**Exercise brief**
What you output must match, exactly, the lines from the start of the records to the line containing "Blå urskive med", both ends kept and pictures excluded.

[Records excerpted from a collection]
#####

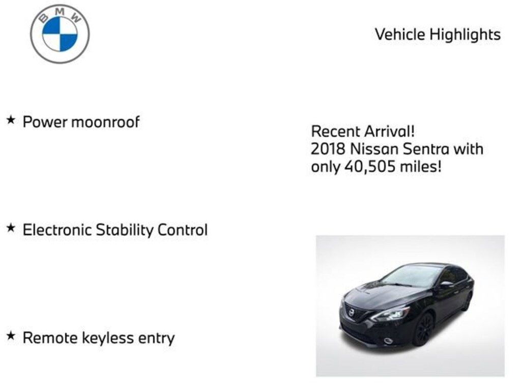 This 2018 Nissan Sentra SR is the perfect blend of style, performance, and technology, making it an exceptional value in the compact sedan segment. With low mileage and an exceptional list of features, this Sentra SR is a must-see for any discerning buyer. Schedule a test drive today and experience the thrill of driving this remarkable vehicle.
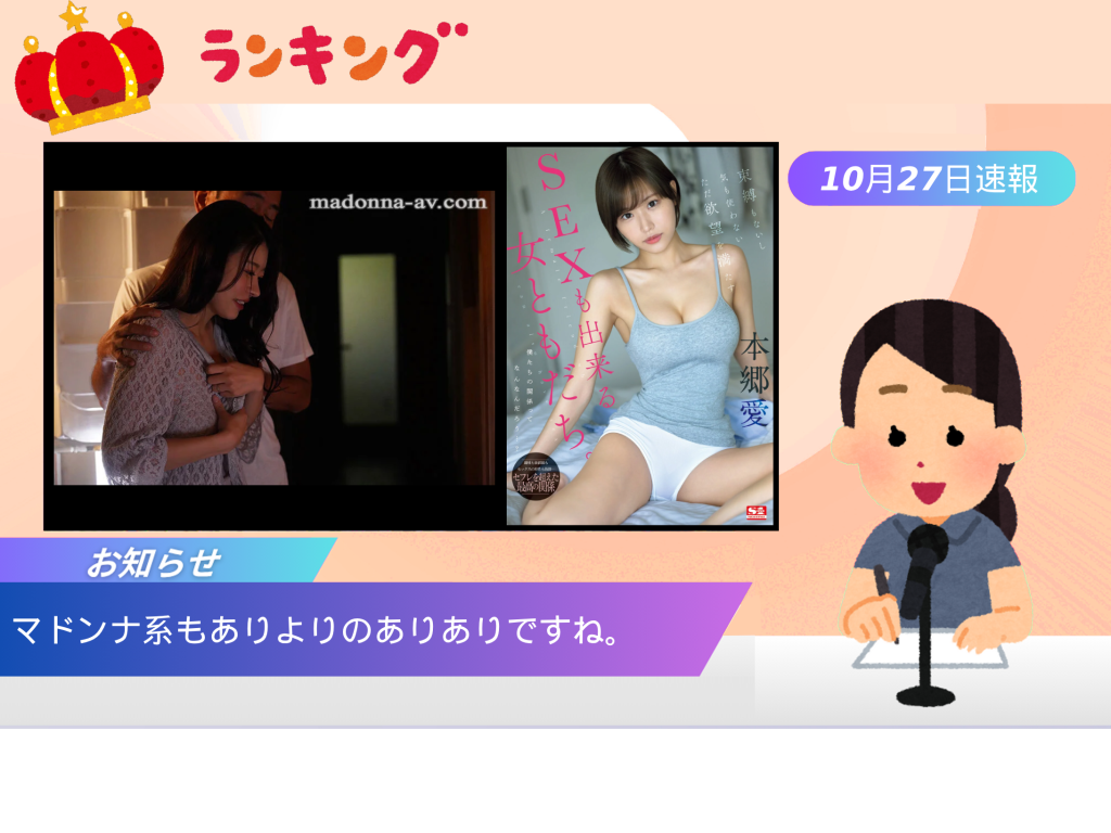 【10/27 デイリー速報】本郷愛が単体最高位の6位に!小日向みゆうVRも急上昇!
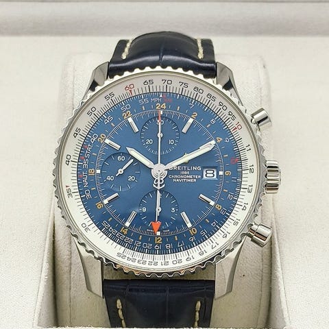 Blå urskive med tre små urskiver og slide rule bezel. Medfølger en ekstra original Breitling-rem.
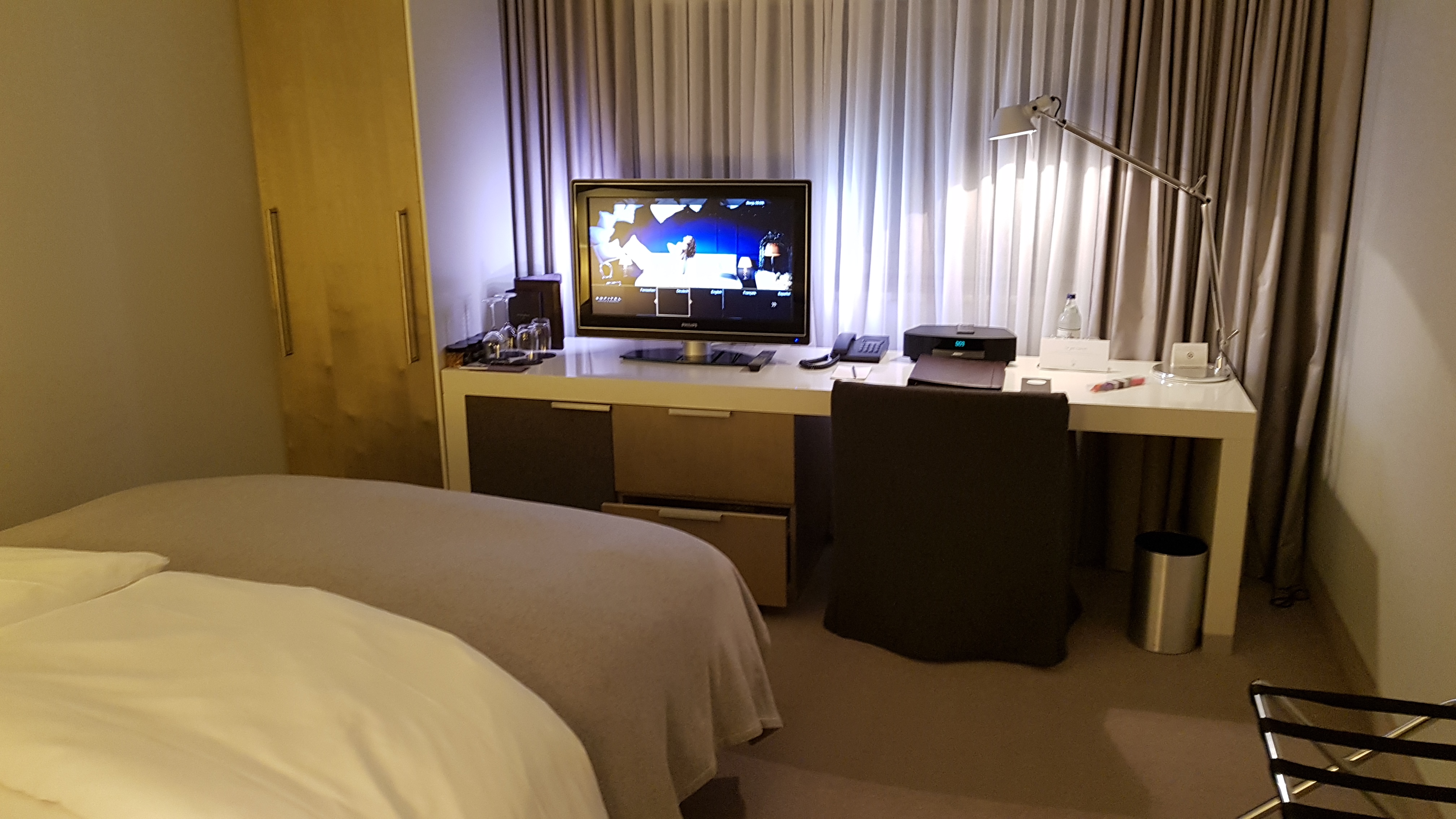Abends, als wir zurück ins Hotel kamen, bekamen wir das Gepäck schnell ausgehändigt. Da wir beim Check-In unsere Zimmerkarte noch nicht bekommen hatten, wurde uns diese jetzt ausgehändigt. Zum Zimmer fuhren wir mit einem gläsernen Aufzug. Die Nummerierung ist etwas ungewohnt. Die erste Ziffer zeigt nicht an in welcher Etage das Zimmer ist. Trotz des Aufzuges mussten wir noch drei Stufen zu Fuß gehen, das ist vielleicht für Gehbehinderte etwas ungünstig. Das Zimmer im Sofitel Hamburg Alter Wall war überraschend klein. Das Zimmer war aber hell und sauber. Im Zimmer stand ein Bett, Schreibtisch mit TV und ein Schrank. Leider konnte ich am Schreibtisch nicht eine Steckdose finden. Wie soll man da arbeiten?
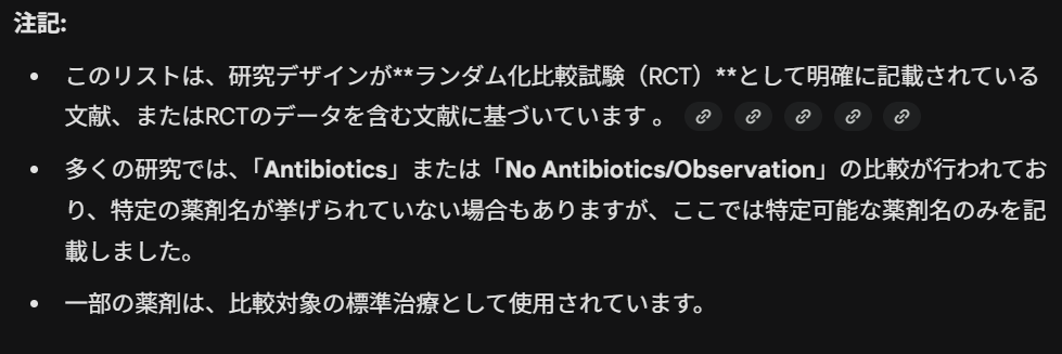 試しに、Levofloxacinの効果について聞いてみることにしました。PICO要約表を作成するように指示しており、採用基準と除外基準を設定して、ランダム化比較試験に限定するよう指示しています。このプロンプトは採用基準と除外基準を書き換えることで、プロトタイプとして、他のクエスチョンにも使えるはずです。
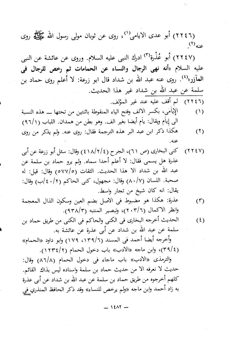 2247 - أبو عُذْرة (¬3) أدرك النبى عليه السلام. وروى عن عائشة عن النبى عليه السلام "أنه نهى الرجال والنساء عن الحمامات ثم رخص للرجال في المآزر" (¬4). روى عنه عبد اللَّه بن شداد قال أبو زرعة: لا أعلم روى حماد بن سلمة عن عبد اللَّه بن شداد غير هذا الحديث.
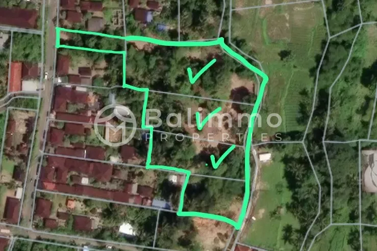 Located in Kengetan, just 15 minutes from central Ubud, this land is set in a quiet and green environment surrounded by established villas. The area offers open rice field views and borders a small natural river, creating a peaceful atmosphere suitable for residential or wellness projects. Access to the property is via a 10-meter-wide road under Right of Use, ensuring comfortable entry. Three plot options are available: 13 are, 16 are, and 24.5 are. The land is classified in a yellow zone, allowing development. Its natural surroundings, scenic outlook, and gentle landscape make it well suited for a private villa, boutique retreat, or investment project. The setting combines privacy with proximity to restaurants, shops, and services in Ubud. Key details : • Land zone: Yellow zone (residential) • Permit : Hak Milik • Total size 53,5 are • Price : IDR 6.496.000 / are / year • Leasehold for 30 years BALIMMO PROPERTIES – Contact us for more information.
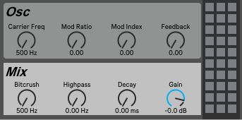 | Description: | Cymbiot is a device designed to generate cymbals. It utilizes phase modulation and deliberate aliasing ("bitcrushing", as it's often called) to create its sounds. This is a very different and more computationally efficient approach compared to the one commonly seen, which attempts to emulate classic drum machines such as the 808. In my personal opinion, it's also much more simple and flexible- changing a parameter even a little bit can drastically alter the resulting sound. I've included a preset feature as well. It can be automated in Ableton, giving the user the option to switch between up to 30 sounds during their song, while only having to automate a single parameter. |
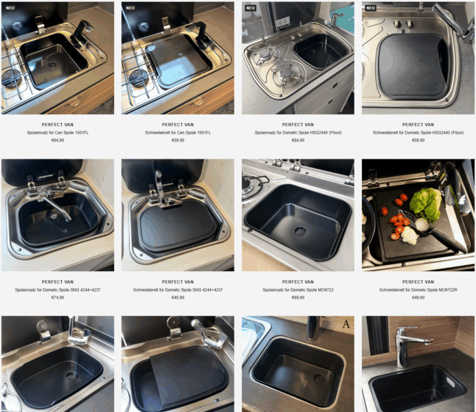 Man könnte herrlich kochen, schnippeln und spülen, wenn nur nicht so wenig Platz wäre. Die Lösung hat Perfect Van. Und die kann noch dazu einiges mehr. Für die gängigsten Spülen gibt es Einsätze: Dometic oder Can sind dabei die großen Hersteller. Eckig oder abgerundet, es gibt die verschiedensten Varianten.

#####

**Solution for this problem**
 This 2018 Nissan Sentra SR is the perfect blend of style, performance, and technology, making it an exceptional value in the compact sedan segment. With low mileage and an exceptional list of features, this Sentra SR is a must-see for any discerning buyer. Schedule a test drive today and experience the thrill of driving this remarkable vehicle.
 【10/27 デイリー速報】本郷愛が単体最高位の6位に!小日向みゆうVRも急上昇!
 Blå urskive med tre små urskiver og slide rule bezel. Medfølger en ekstra original Breitling-rem.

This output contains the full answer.